Data below =
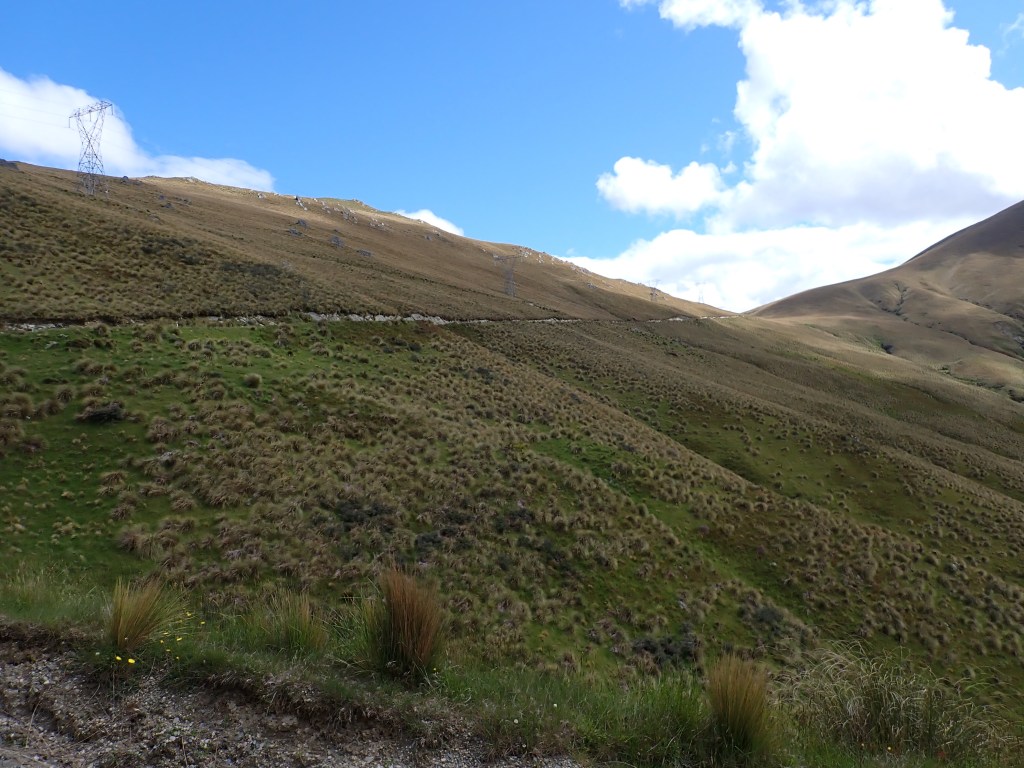 The strategy for our biggest ride of the tour was that I would leave an hour before Howard. Our first objective was Duffers Saddle ( appropriate name) at 1,280m elevation. It was steep and I had to walk the sections where the gradient was up at 20%. Howard caught up to me 2/3rd of the way through the climb. It was tough but very rewarding as we hit the summit with the Nevis Valley spread out below us framed by the Remarkables on one side and the Old Man Range on the other.
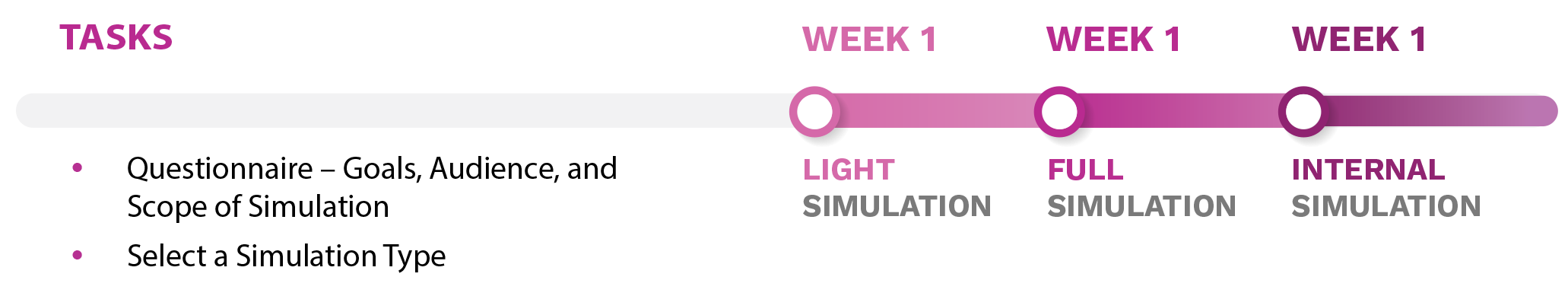 Use the questionnaire below to define the goals, audience and scope of your simulation and, based on your answers, use the proceeding descriptions of each simulation type to select a simulation.
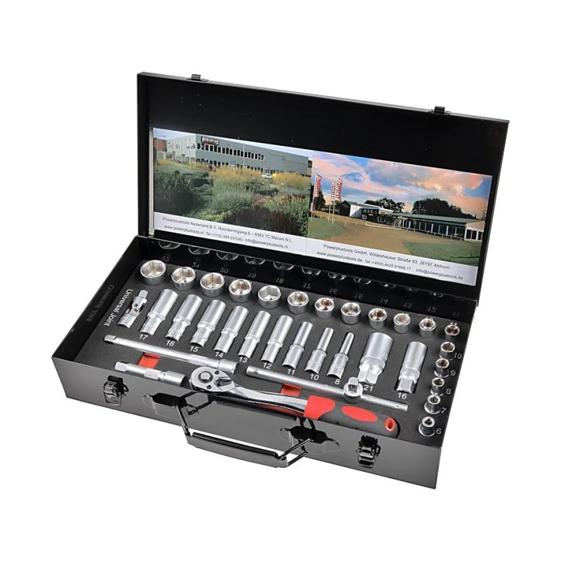 De doppenset bestaat uit 33 onderdelen, inclusief een 3/8 inch omkeerbare ratel en verlengstukken. Deze set wordt geleverd in een EVA soft foam inlay, die zorgt voor orde en overzicht en beschermt de gereedschappen tegen beschadiging.

Exercise =
Write out, with no pictures, only the lines from the line containing "Use the questionnaire" through the last line of the listing above, exactly and with both ends included.

Task output =
 Use the questionnaire below to define the goals, audience and scope of your simulation and, based on your answers, use the proceeding descriptions of each simulation type to select a simulation.
 De doppenset bestaat uit 33 onderdelen, inclusief een 3/8 inch omkeerbare ratel en verlengstukken. Deze set wordt geleverd in een EVA soft foam inlay, die zorgt voor orde en overzicht en beschermt de gereedschappen tegen beschadiging.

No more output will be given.